Re: Physical Properties of Neutron Stars

A rough estimate of the density of a neutron star can be found by taking its mass, 1.4 times the mass of the Sun, and dividing by its volume, that of a sphere about 10 km in diameter. The result is that the average density of a NS is about 7 x 10¹⁴ g/cm^-3. (For thos unfamiliar with scientific notation, that's a seven followed by 14 zeros or 700000000000000 g/cm^-3; a human has a density of about 1 g/cm^-3 and the Earth's density is about 5 g/cm^-3.)

Densities this high are comparable to those measured in atomic nuclei (leading NSs to be described occasionally as the largest atomic nuclei). A more detailed analysis, that uses information obtained from terrestrial accelerators, suggests the following. At the center of a NS the density is something like 10¹⁵ g/cm^-3. Toward the edge of the NS, the density might drop to something like 10⁶ g/cm^-3.

The high central density of a NS means that its core might be something quite strange. It might be just composed of neutrons, or the pressure might be high enough to break the neutrons down into their component quarks.

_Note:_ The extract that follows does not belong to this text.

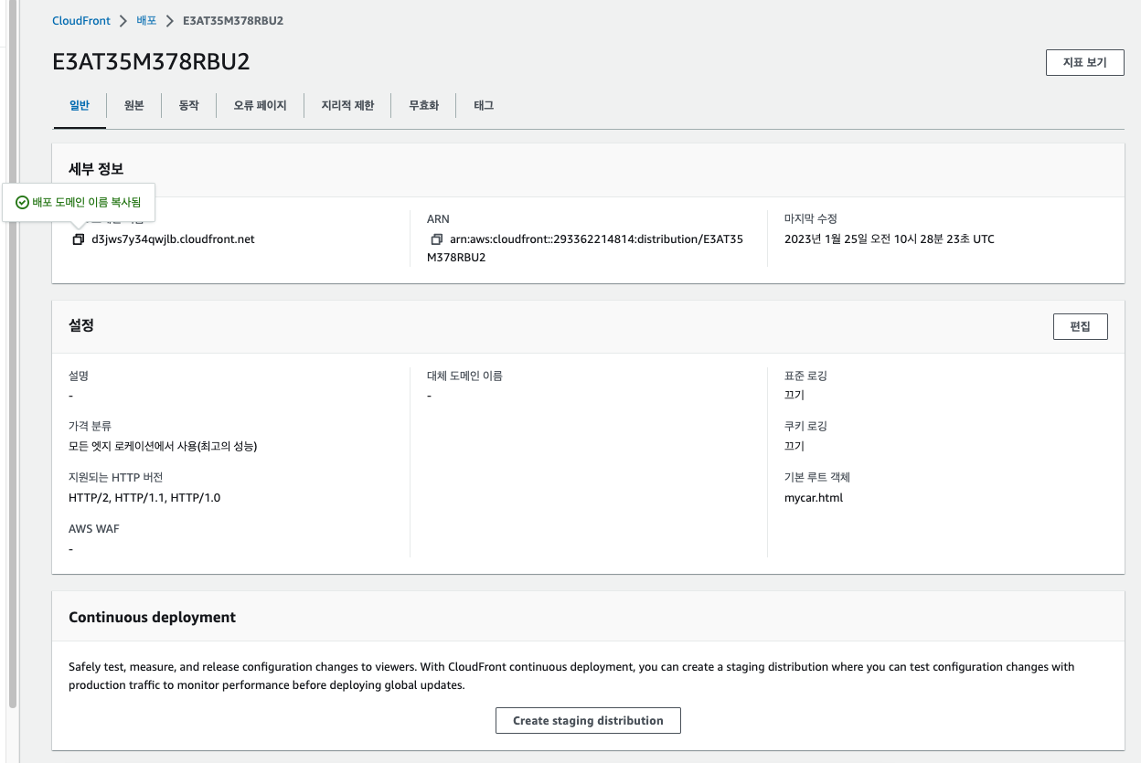 - 웹 브라우저에서 CloudFront Distribution 작동 확인

Outside of the core, there would be a large fraction of the NS that would be composed of neutrons. The surface itself would be composed of dense atoms like iron and nickel (just their nuclei really).

The sound speed within a NS is somewhat uncertain. The sound speed is probably about 10% of the speed of light (or 30 000 km/s). The actual sound speed is determined by how the pressure varies with density inside the NS. Astronomers and physicists continue to try to determine this exact quantity better.

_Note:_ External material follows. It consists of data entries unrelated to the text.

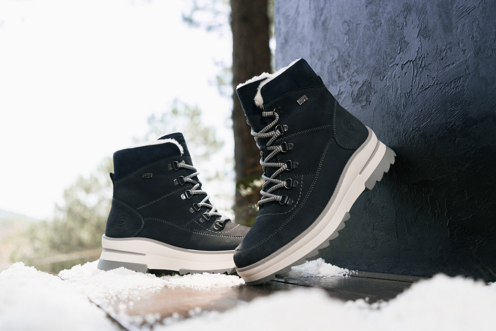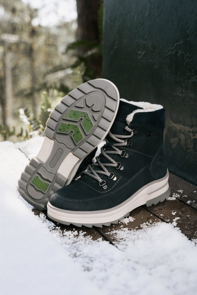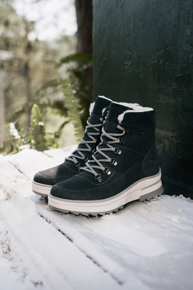 Happy feet, happy life! These remonte lace-up boots in steel blue made of suede leather warm your feet with ultra cozy inner material. The lacing is complemented by the zipper and thus guarantees optimal support and ideal fit. The striking eyelets provide the perfect finish and a striking look. The shoe has a cushioning and grippy sole that impresses with good traction for a secure step. The water-resistant upper protects against wetness, the thermal insole keeps the inside of the shoe warm and the Glass-Fibre technology provides extra grip. Cozy and very warm virgin wool ensures warm feet at low temperatures. That means: endless strolling is no problem at all!
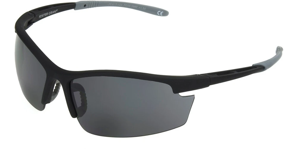 Shake SunReadersĀ® by Foster GrantĀ® bring the best in reading glass clarity and sunglass eye protection to outdoor reading, and do it with sport ready style. Shake’s matte black wraparound semi-rimless frame is accented with gray temple tips.
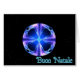 Ein helles, blaues und lila Fraktal, das auf den Nordstern (Polaris) und die Nordlichter hinweist und auf einem sternenförmigen Hintergrund überlagert ist. Italienischer Text mit dem Text "Buon Natale" erscheint in leuchtendem Blau und Weiß.

(The sound speed measures how fast information can be transmitted through an object. For instance, imagine hitting an NS with a large hammer to cause an NS-quake. A person on the other side of the NS wouldn't know you had hit the NS until the vibration travelled through the NS, at the sound speed within the neutrons. Note that the sound speed does not mean that the NS is composed of air; air certainly does have a sound speed, but so does water, Earth, and the Sun.)

As for the cooling of NSs, they are actually very inefficient at cooling. There are three ways an object can cool: conduction, convection, and radiation. Conduction and convection both require that the object be in contact with something else (like an ice cube or cold water). However, NSs are in outer space, so there's almost nothing around them. Their only means of cooling is by radiation. The amount of radiation from an object depends, in part, on its radius. The radius of a NS is only 10 km (smaller than many cities!). (Compare that to the radii of most stars which are about 700 000 km.) This tiny radius means that an NS has a miniscule amount of surface area from which it can radiate, and so it cools quite slowly.

These questions are quite interesting, and at the forefront of some of modern astronomy. If you'd like to do more reading, you'll probably have to start with a college-level introductory astronomy textbook. A good discussion of NS is found in a book by Shapiro & Teukolsky, Black Holes, White Dwarfs, and Neutron, but be warned, it is quite technical.